■ About this task
Starting at the line with "Бархатная коробка с" and stopping at the final line, retype the data below exactly; do not carry over any pictures.

■ Given information

════

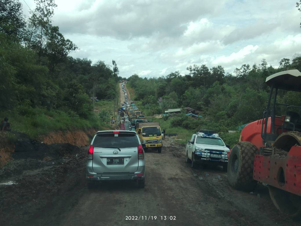 Talawangnews.com, Gunung Mas – Sudah kurang lebih dua hari jalan lintas Palangka Raya menuju Kuala Kurun terhambat kemacetan, tepatnya di wilayah desa Rabauh Kabupaten Gunung Mas. Hal ini terjadi karena adanya truk-truk PBS (Perusahaan Besar Swasta) yang melintasi jalan tersebut melebihi kapasitas beban jalan.
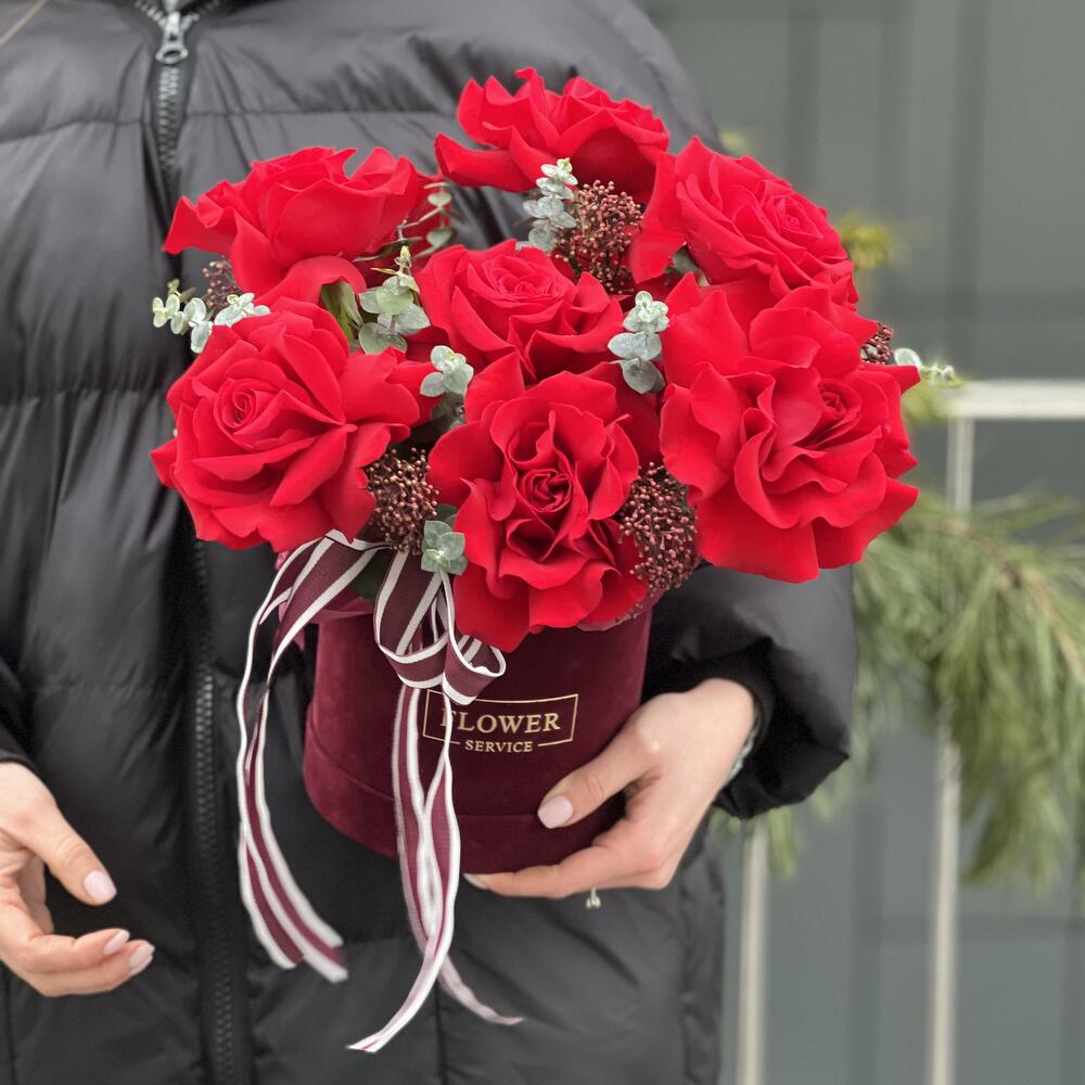 Бархатная коробка с красными французкими розами, эвкалиптом и скиммией!
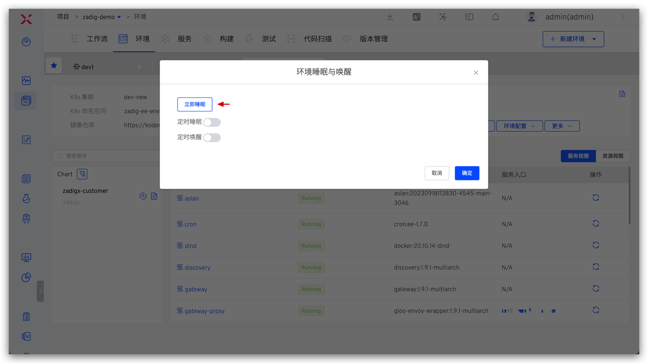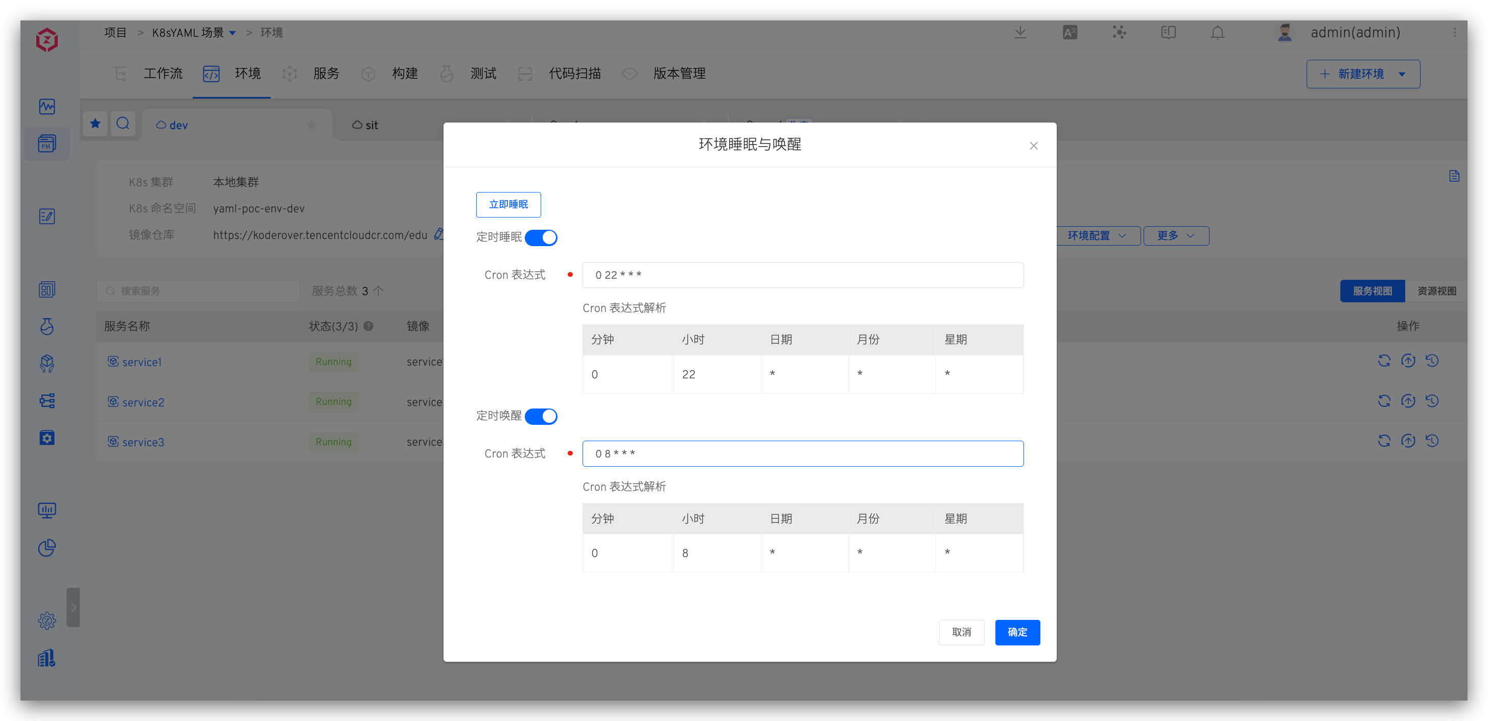 进入环境,点击睡眠与唤醒 → 配置定时睡眠和唤醒 Cron 表达式即可。

════

■ The answer
 Бархатная коробка с красными французкими розами, эвкалиптом и скиммией!
 进入环境,点击睡眠与唤醒 → 配置定时睡眠和唤醒 Cron 表达式即可。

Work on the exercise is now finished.